### DATA FOR PROCESSING ###
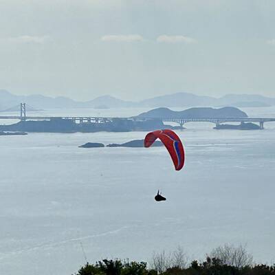 山頂の新割山(233.8m)まで行くと、パラグライダーエリアにたくさんの人が集まっている。
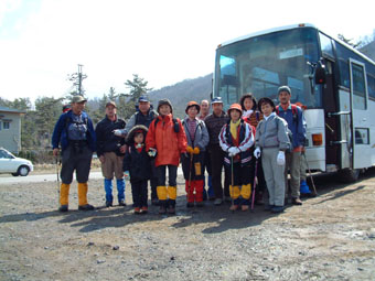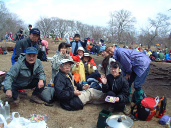 奥の山のピークが山頂 47名が参加
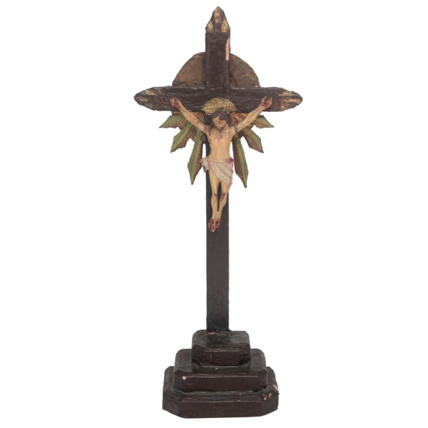 • Séc, XIX - Imagem em madeira policromada de Cristo Crucificado. Apresenta-se N. Senhor Jesus, de cabeça caída, vestindo o tradicional cendal. Cruz escura e lisa, com hastes rematadas em ponteiras, centralizando disco solar com folhagens na parte inferior. Base retangular em degraus. Defeitos na cruz). Séc. XIX. 41 x 16 cm (cruz). 14 x 10 cm (Cristo).
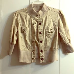 Khaki jacket with silver buttons, will go great with jeans or dress.
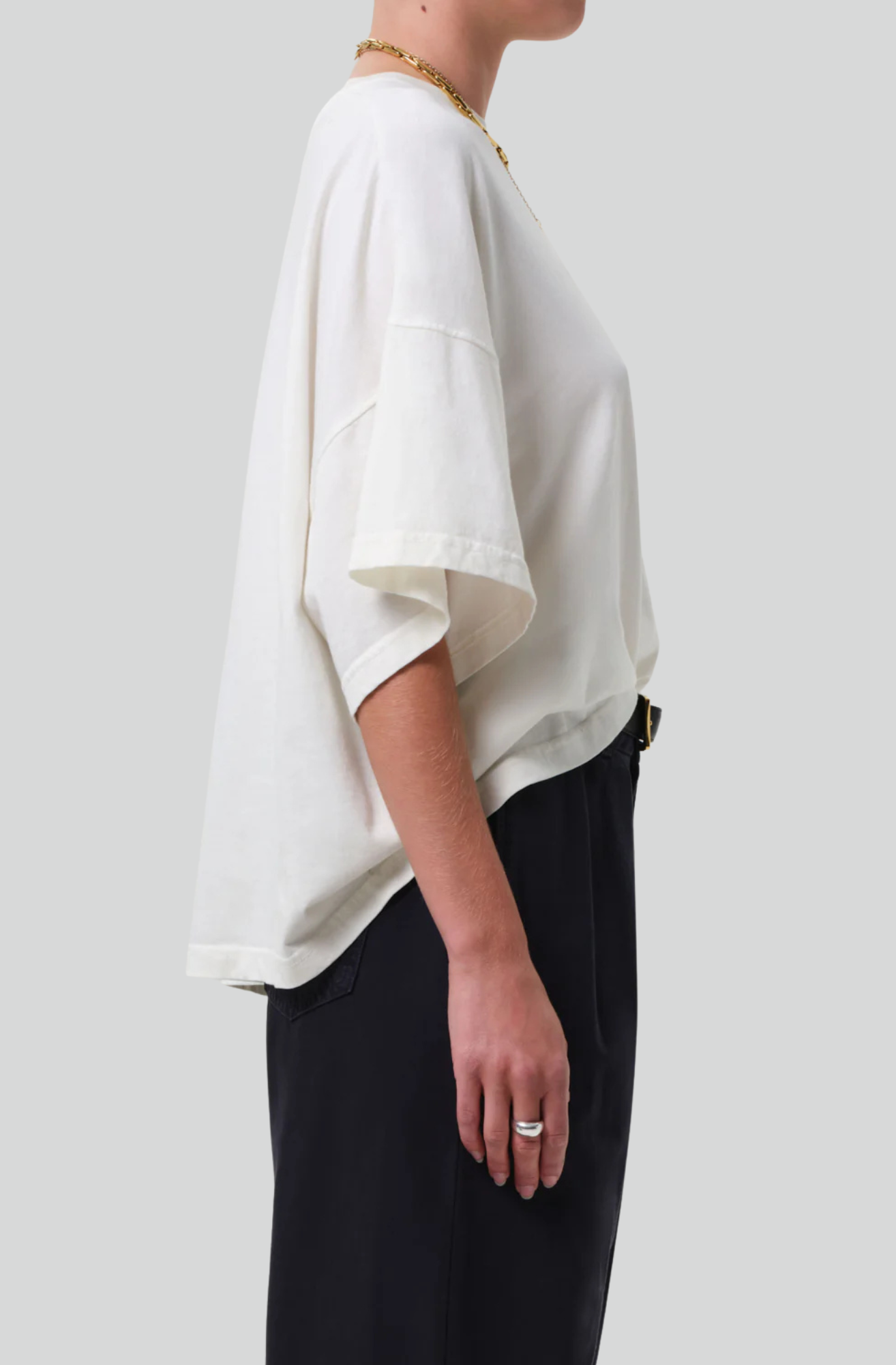 The Cape Tee is an everyday essential, crafted from ultra-soft, lightweight organic cotton jersey. Designed with a relaxed fit and subtle drape, it feels effortless and easy. Perfect with vintage denim or layered under tailoring.
###
:: TASK OBJECTIVE ::
Reproduce each line of the records exactly and exclude any images.

:: ANSWER TO THIS EXERCISE ::
 山頂の新割山(233.8m)まで行くと、パラグライダーエリアにたくさんの人が集まっている。
 奥の山のピークが山頂 47名が参加
 • Séc, XIX - Imagem em madeira policromada de Cristo Crucificado. Apresenta-se N. Senhor Jesus, de cabeça caída, vestindo o tradicional cendal. Cruz escura e lisa, com hastes rematadas em ponteiras, centralizando disco solar com folhagens na parte inferior. Base retangular em degraus. Defeitos na cruz). Séc. XIX. 41 x 16 cm (cruz). 14 x 10 cm (Cristo).
 Khaki jacket with silver buttons, will go great with jeans or dress.
 The Cape Tee is an everyday essential, crafted from ultra-soft, lightweight organic cotton jersey. Designed with a relaxed fit and subtle drape, it feels effortless and easy. Perfect with vintage denim or layered under tailoring.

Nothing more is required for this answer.